DATASET EXTRACT:
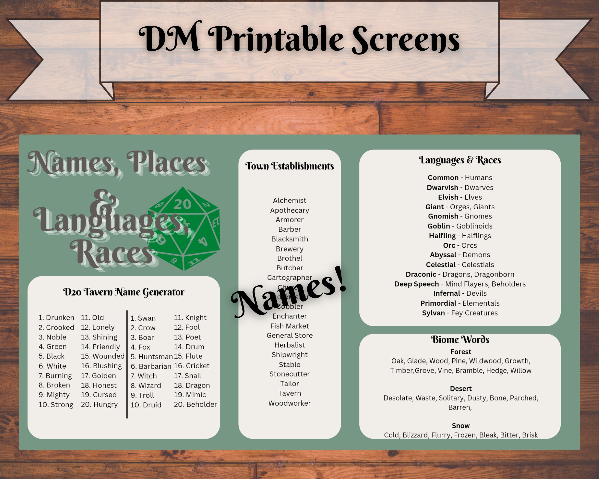 Printable Dm Screen Etsy
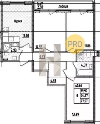 | Площадь, кв.м. | 77.57 |
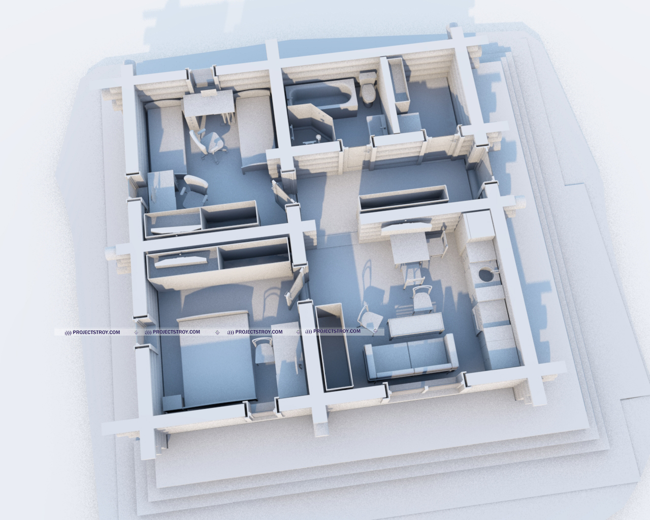 Одноэтажный проект с двумя спальнями - 53 кв. м
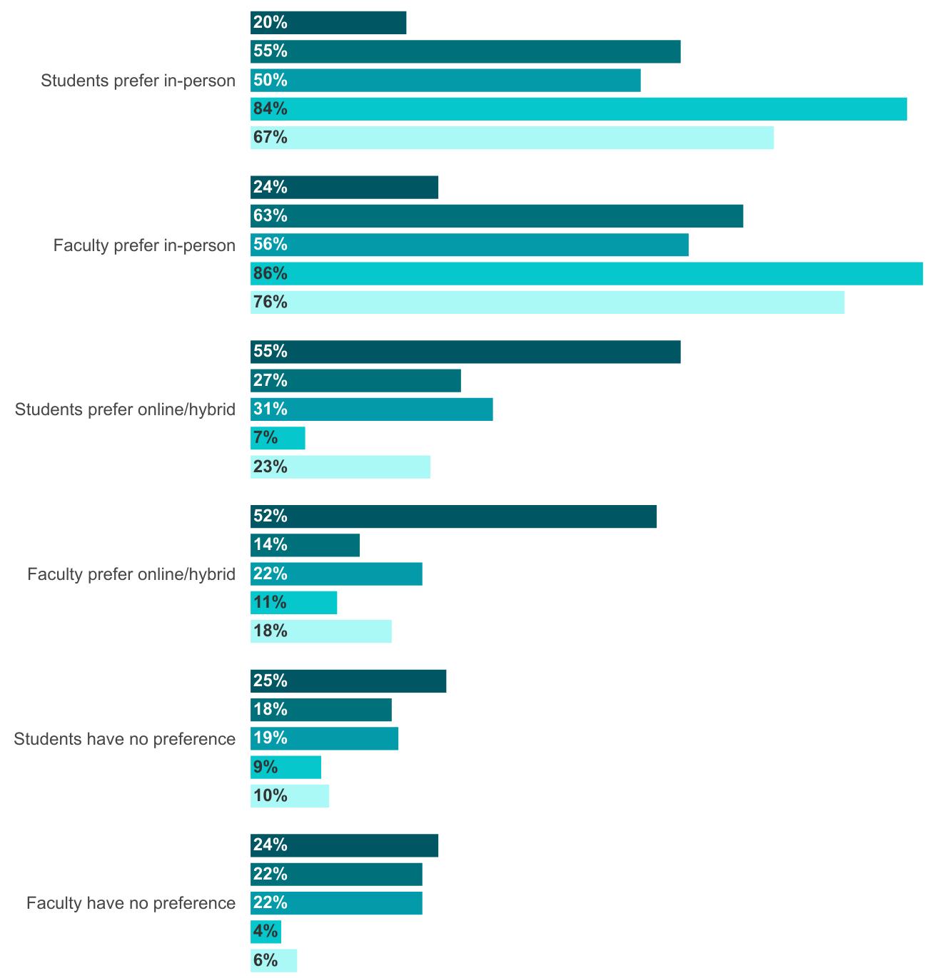 In your opinion, do faculty members at your institution prefer teaching in-person or online/hybrid courses when both are options? Faculty tend to...

GOAL OF THE EXERCISE:
Without including any pictures, set down word for word every line from the one containing "Одноэтажный проект с" through the last line of the material.

ANSWER TO THIS TASK:
 Одноэтажный проект с двумя спальнями - 53 кв. м
 In your opinion, do faculty members at your institution prefer teaching in-person or online/hybrid courses when both are options? Faculty tend to...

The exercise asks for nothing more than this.